### [Exercise aim]
Copy exactly the lines starting at the one that contains "Beautiful black and" and running through the end of the material below. Exclude any pictures.

### [Supplied material]
****************************************

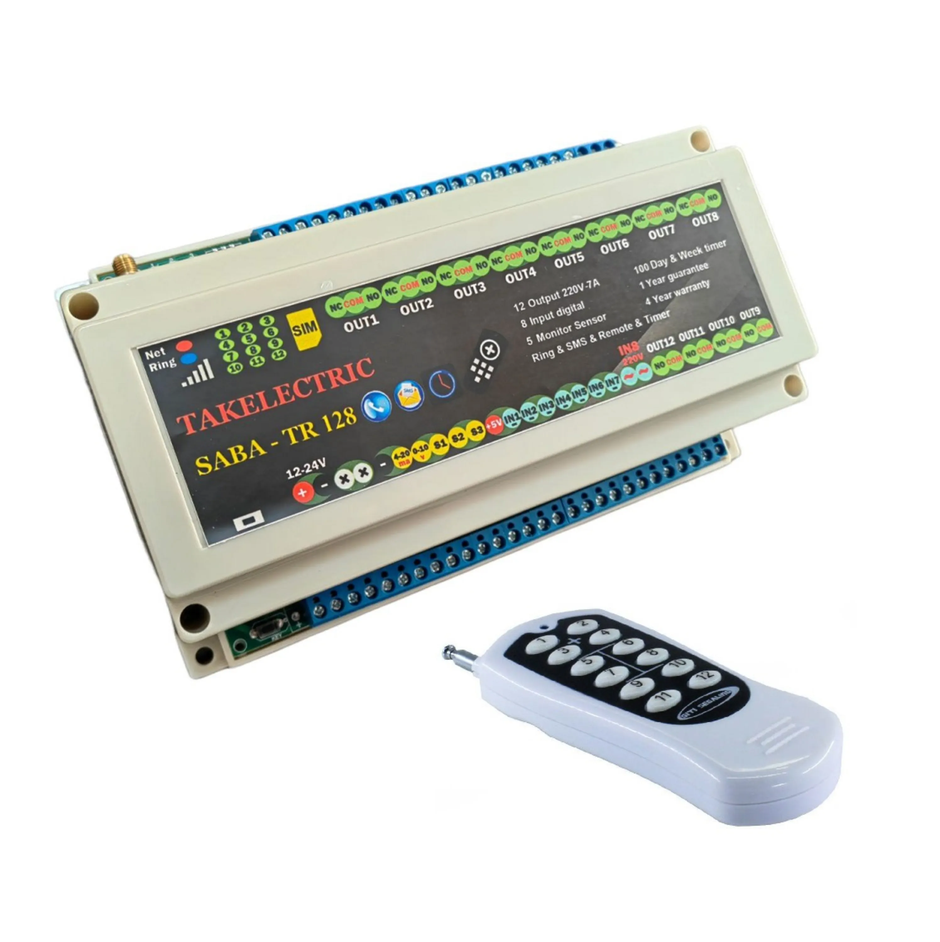 دستگاه کنترل پیامکی تایمردار و دارای ریموت رادیویی سری SABA مدل 128TR یک کنترل از راه دور 12 کاناله پیامکی پیشرفته است. خروجی های رله این دستگاه می تواند با توجه به تایمر های روزانه و هفتگی برنامه ریزی و روشن و خاموش شوند.
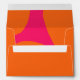 A bold bright orange envelope with simple modern styling, this design has a matching hot pink and orange abstract pattern lining the inside of the envelope. The back flap has a text template for including your return address.
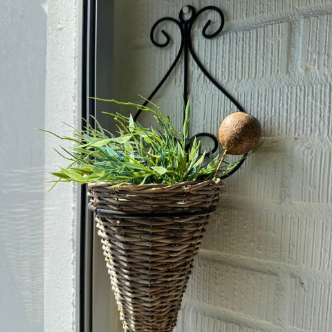 Väggampel i form av en konisk korg i flätad rotting med svart metallfäste för upphängning på vägg. Korgen är anpassad för plantering av mindre växter och passar för användning på balkong, altan eller inomhus mot vägg. Mått enligt bild med måttband, ungefärlig höjd runt 40 cm och bredd runt 20 cm. Metallfästet har dekorativ form och ger stabil upphängning.
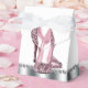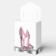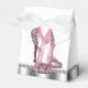 Beautiful black and pink glitter high heel shoe party favour boxes. These elegant pink glitter high heel shoe favour boxes can be customised with text and you can change the background colour and bow colour.
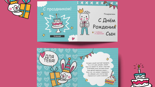 Оформление выполнено в рисованном стиле, а мотивационное поздравление воодушевит юного мужчину. Такую открытку можно заказать на сайте: https://trt74.ru/catalog/otkrytka Обложка и разворот Картинка для соц. сетей Поздравление сына с Днём Рождения в стихах:...
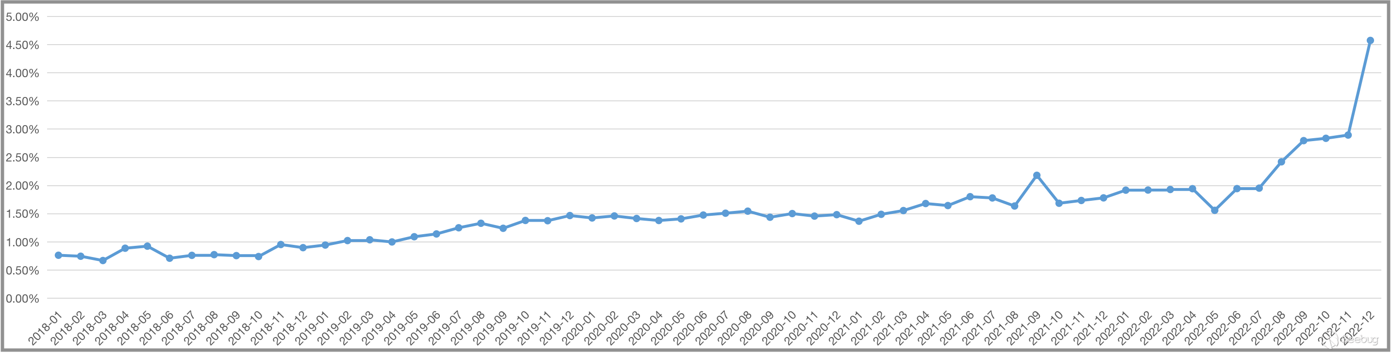 我們通過觀察變化趨勢發現:2018年期間,印度在線IP數量占全球的比例均低于1%;2019年至2022年上半年,該比例位于1%和2%之間;2022年下半年,該比例均高于2%。這個持續上升趨勢,顯著的反映出印度互聯網發展水平的持續增長。

****************************************

### [Solution to this task]
 Beautiful black and pink glitter high heel shoe party favour boxes. These elegant pink glitter high heel shoe favour boxes can be customised with text and you can change the background colour and bow colour.
 Оформление выполнено в рисованном стиле, а мотивационное поздравление воодушевит юного мужчину. Такую открытку можно заказать на сайте: https://trt74.ru/catalog/otkrytka Обложка и разворот Картинка для соц. сетей Поздравление сына с Днём Рождения в стихах:...
 我們通過觀察變化趨勢發現:2018年期間,印度在線IP數量占全球的比例均低于1%;2019年至2022年上半年,該比例位于1%和2%之間;2022年下半年,該比例均高于2%。這個持續上升趨勢,顯著的反映出印度互聯網發展水平的持續增長。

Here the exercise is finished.